Hiya!
LarsF brought this up in the apache-hbase slack account and it caught my
eye. Sending a note here since the PR is closed where this was being
discussed before[1].
I understand Bryan's concerns that misconfiguration of an HBase
processor with a high number of retries and back-off can create a
situation in which the processing of a single FlowFile will take a very
long time to hit the onFailure state.
However, as an HBase developer, I can confidently state that
hbase.client.retries=1 will create scenarios in which you'll be pushing
a FlowFile through a retry loop inside of NiFi for things which should
be implicitly retried inside of the HBase client.
For example, if a Region is being moved between two RegionServers and an
HBase processor is trying to read/write to that Region, the client will
see an exception.

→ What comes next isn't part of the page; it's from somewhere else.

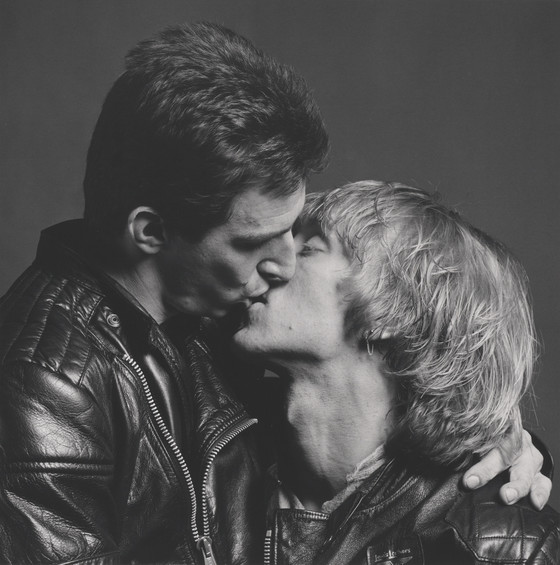 Inscription: Verso, mount: lower left, in pencil, "352 Larry and Bobby kissing, 1979"; lower center, in pencil, "8/10"; lower right, in pencil, "2009"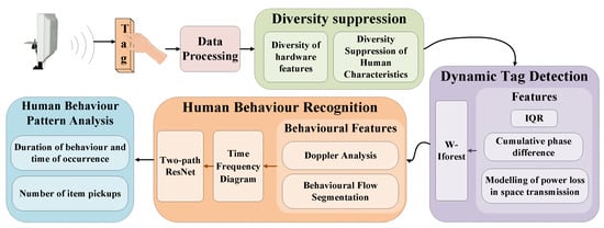 - We develop a behavior recognition model to segment behavior streams and use Doppler frequency analysis to identify specific behavior characteristics and changes. We also construct a time-frequency map based on wavelet transform to illustrate energy changes in behavior and propose a dual-path residual network to recognize behaviors such as taking away, putting back, picking up, and putting back.

This is a "retriable" exception in HBase-parlance
which means that HBase client code would automatically re-process that
request (looking for the new location of that Region first). In most
cases, the subsequent RPC would succeed and the caller is non-the-wiser
and the whole retry logic took 1's of milliseconds.
My first idea was also what Lars' had suggested -- can we come up with a
sanity check to validate "correct" configuration for the processor
before we throw the waterfall of data at it? I can respect if processors
don't have a "good" hook to do such a check.
What _would_ be the ideal semantics from NiFi's? perspective? We have
the ability to implicitly retry operations and also control the retry
backoff values. Is there something more we could do from the HBase side,
given what y'all have seen from the battlefield?
Thanks!
- Josh
[1] https://github.com/apache/nifi/pull/3425